(To do): When you reach the line with "However I still" in the listing below, write out that line and every one after it exactly, and skip the pictures.

*** Records supplied ***

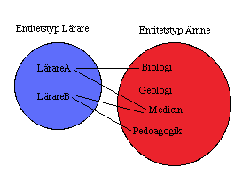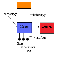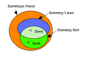 En entitet är "något vi vill ha information om inom vårt intresseområde. Det kan vara en viss person, en viss sak (ett tillstånd), ett visst ställe, en viss tilldragelse eller en viss begreppsmässig konstruktion", "En entitetstyp är en samling entiteter där alla entiterna uppfyller definitionskriterierna för entitetstypen". (Andersson, E, 1991). Entiteterna ElevA och ElevB är förekomster av entitetstypen 'Person'. Entitetstyperna 'Lärare' och 'Elev' är delmängder i entitetstypen 'Person'.
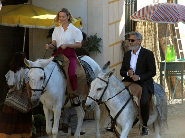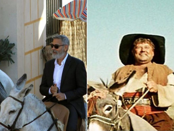 “En un lugar de la Mancha de cuyo nombre no quiero acordarme...”. Allí se ha trasladado el actor estadounidense George Clooney o, más bien, a un lugar de la Comunidad de Madrid. El galán de Hollywood que un día protagonizó Buenas noches y buena suerte se ha convertido este miércoles en un peculiar Sancho Panza, de Don Quijote de la Mancha, por las calles de Navalcarnero.
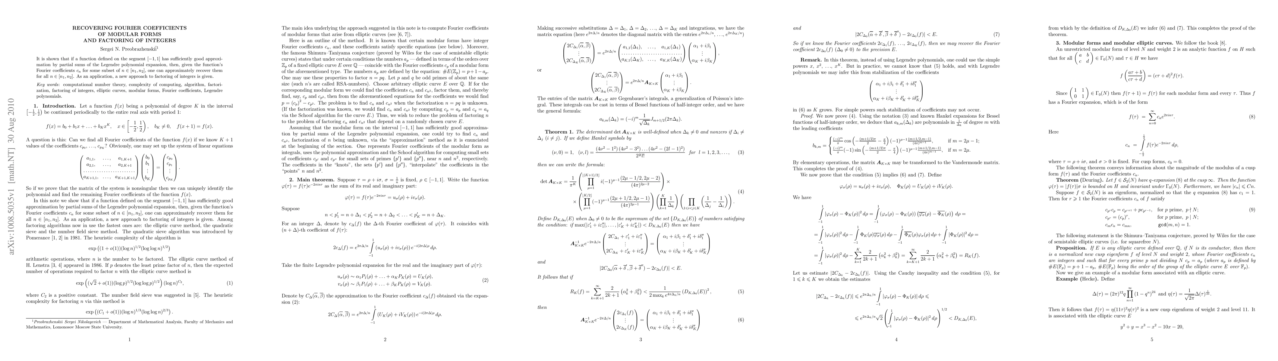 It is shown that if a function defined on the segment [-1,1] has sufficiently good approximation by partial sums of the Legendre polynomial expansion, then, given the function's Fourier coefficients $c_n$ for some subset of $n\in[n_1,n_2]$, one may approximately recover them for all $n\in[n_1,n_2]$. As an application, a new approach to factoring of integers is given.
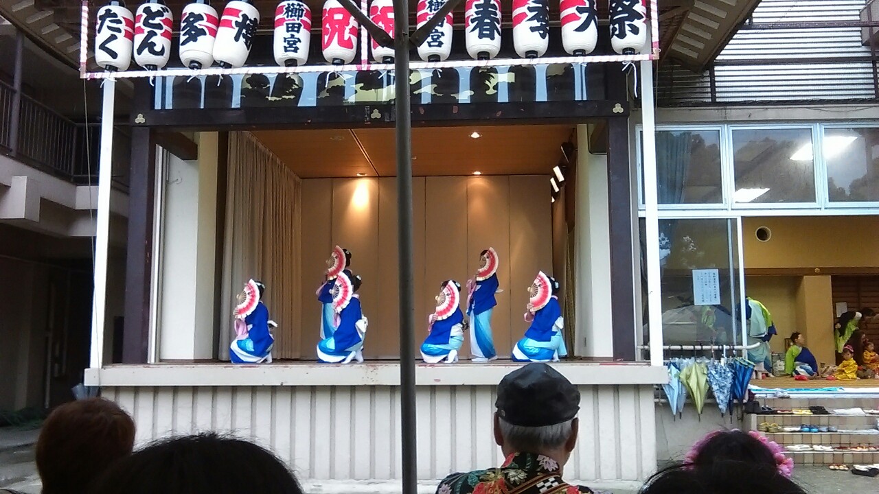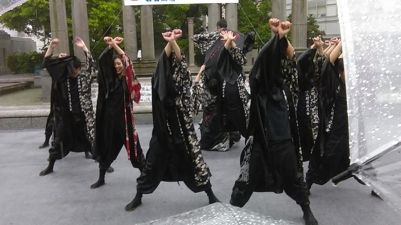 However I still got to enjoy the shows of some of Fukuokas clubs, that use the chance, that the audience of the festival presents, and do performances all around Fukuoka on mostly roofed stages. Local dance, theatre, drumming and other clubs performed on a stage at the Kushida-shrine, an important point in most of Hakatas festivities. Also some of the procession groups gave performances before the parade and also after it had been canceled.
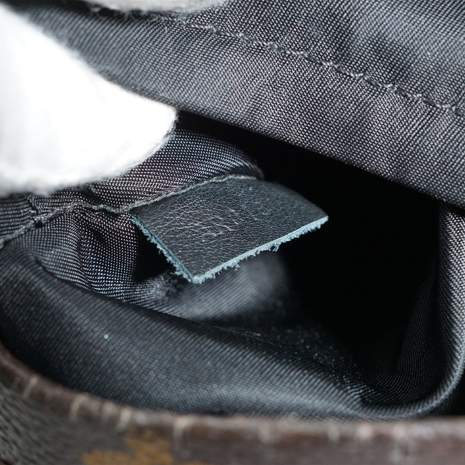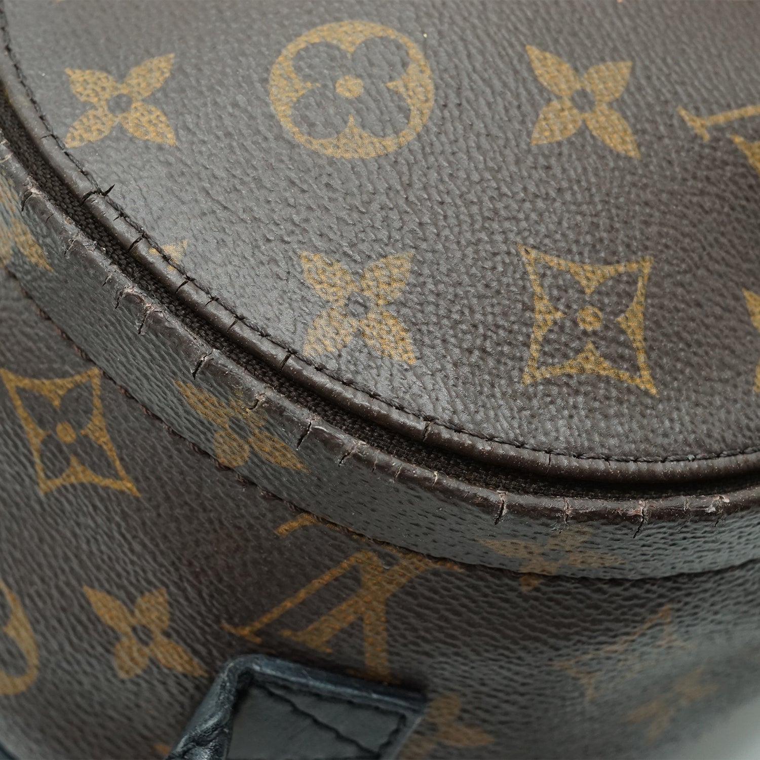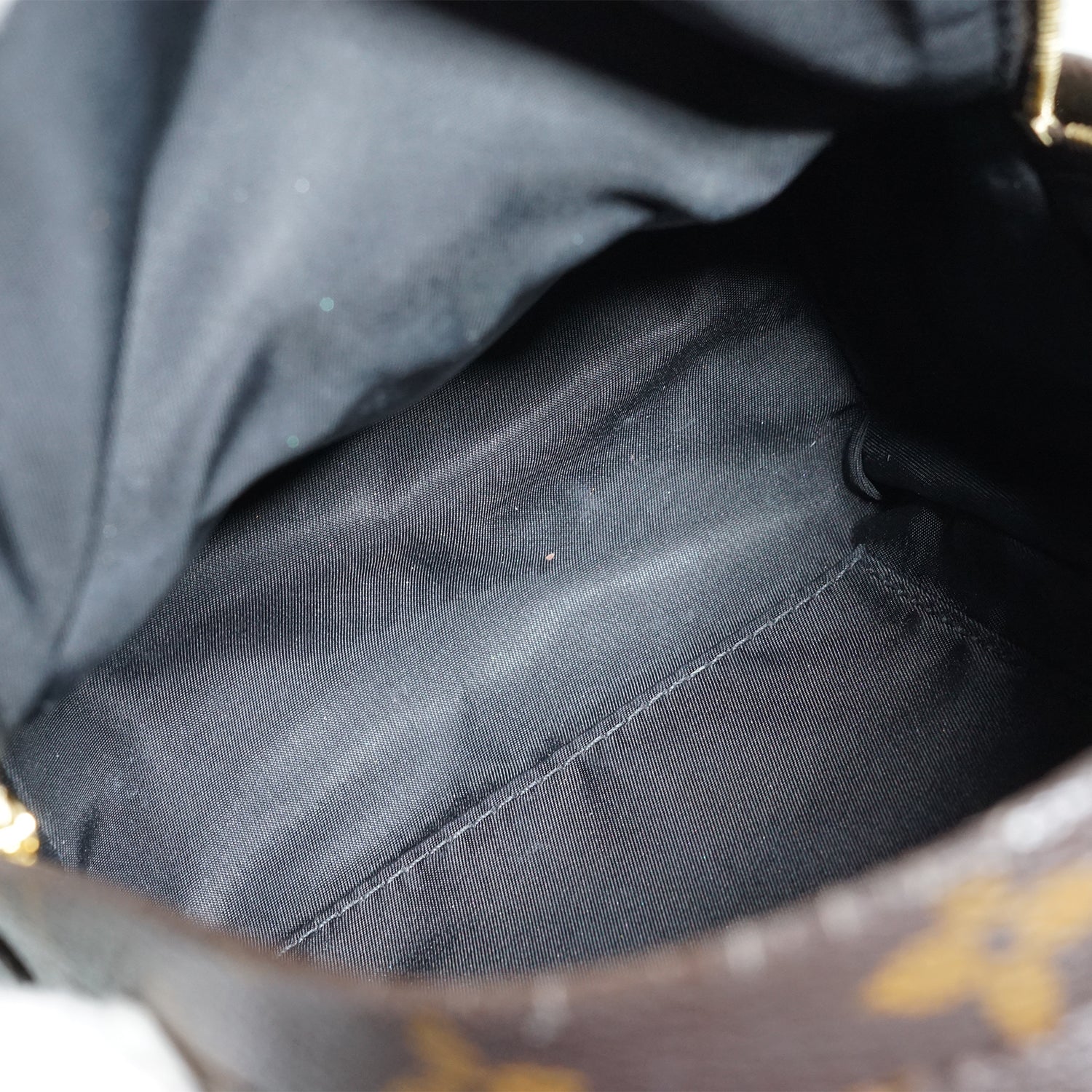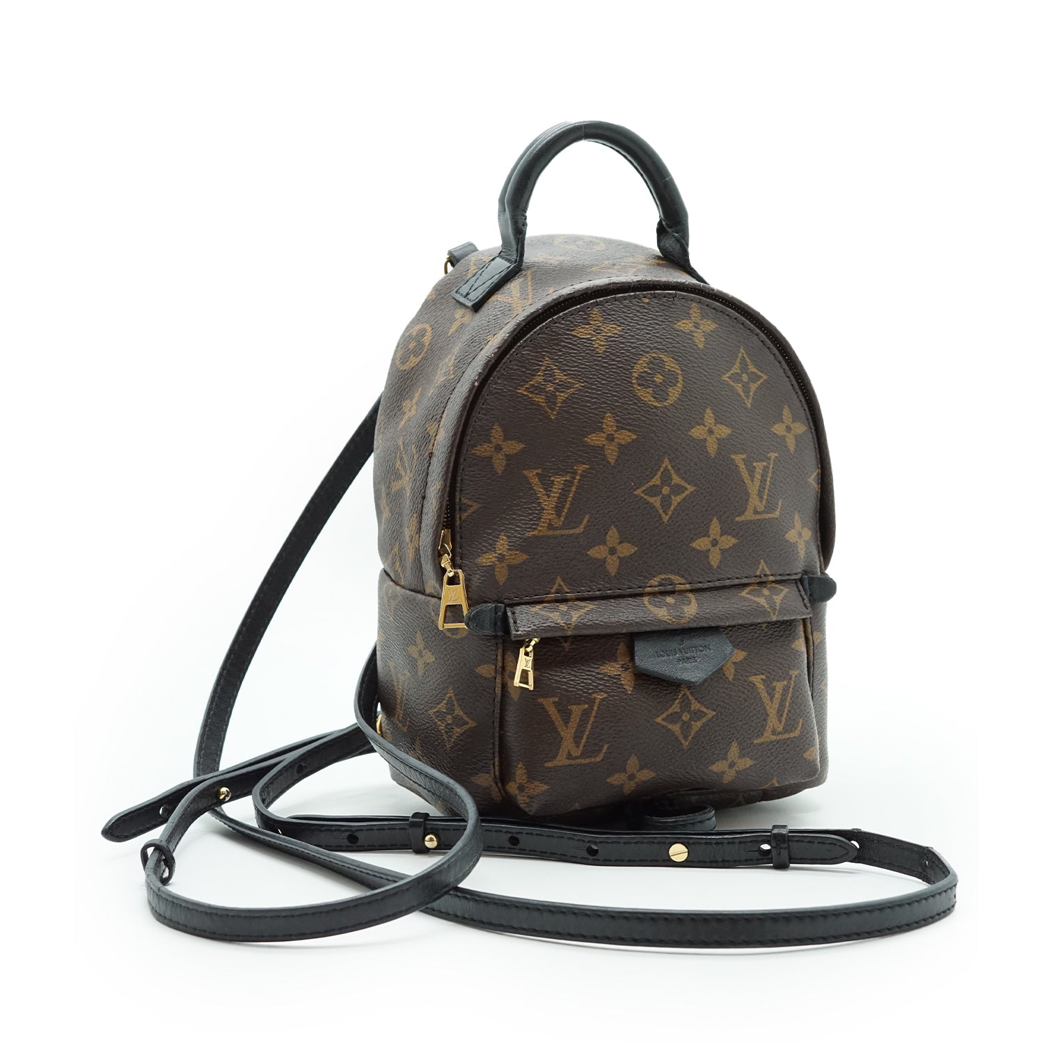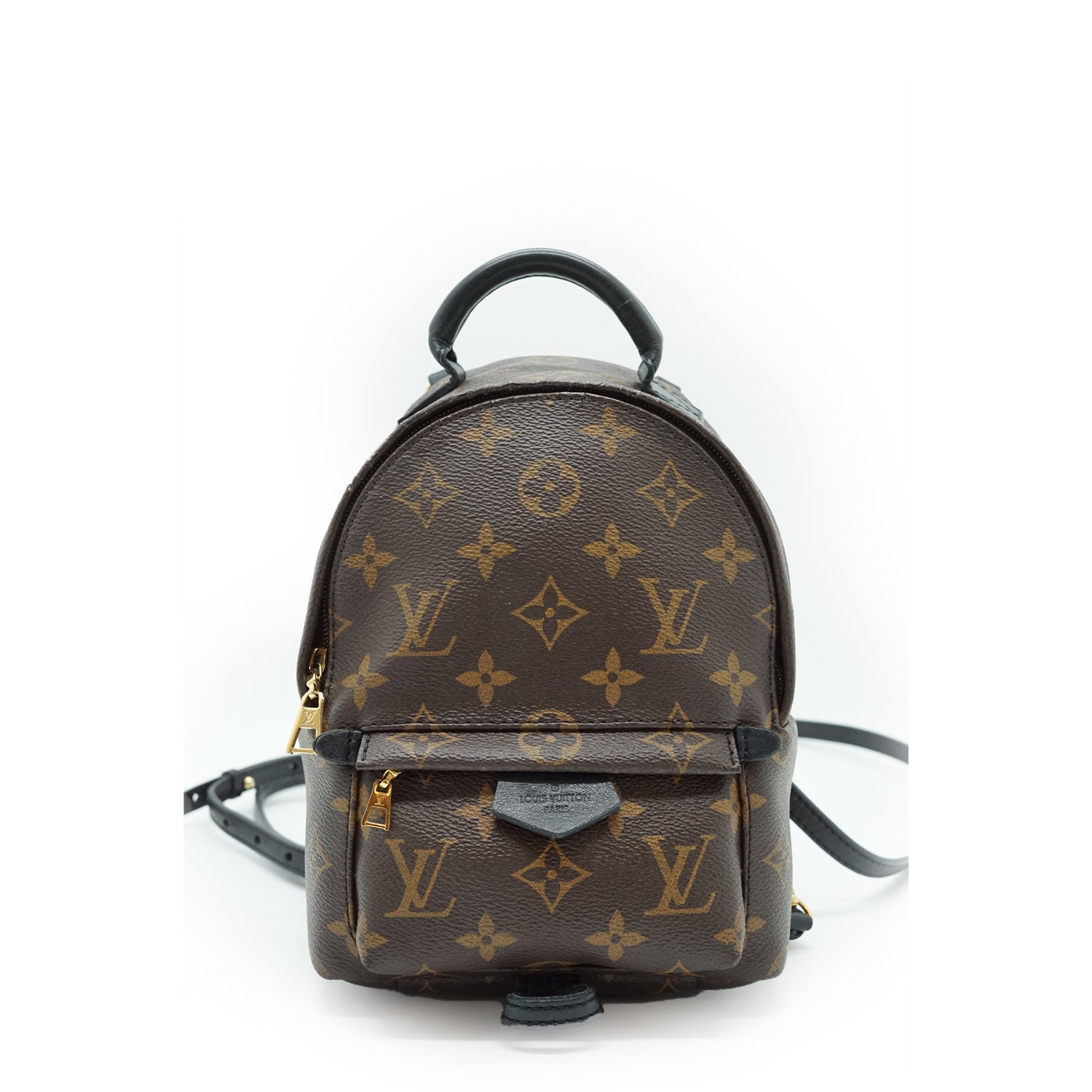 Monogram Palm Springs Mini Brown/Black Canvas, LeatherDepth: 9cmHeight: 21cmWidth: 15cmShoulder Drop: 50cmHand Drop: 5.5cmScratch: Some corner rubPeeling: Leather cuts/cracks along the upper partsSerial code: AR0186

*** End of Records supplied ***

(Your solution):
 However I still got to enjoy the shows of some of Fukuokas clubs, that use the chance, that the audience of the festival presents, and do performances all around Fukuoka on mostly roofed stages. Local dance, theatre, drumming and other clubs performed on a stage at the Kushida-shrine, an important point in most of Hakatas festivities. Also some of the procession groups gave performances before the parade and also after it had been canceled.
 Monogram Palm Springs Mini Brown/Black Canvas, LeatherDepth: 9cmHeight: 21cmWidth: 15cmShoulder Drop: 50cmHand Drop: 5.5cmScratch: Some corner rubPeeling: Leather cuts/cracks along the upper partsSerial code: AR0186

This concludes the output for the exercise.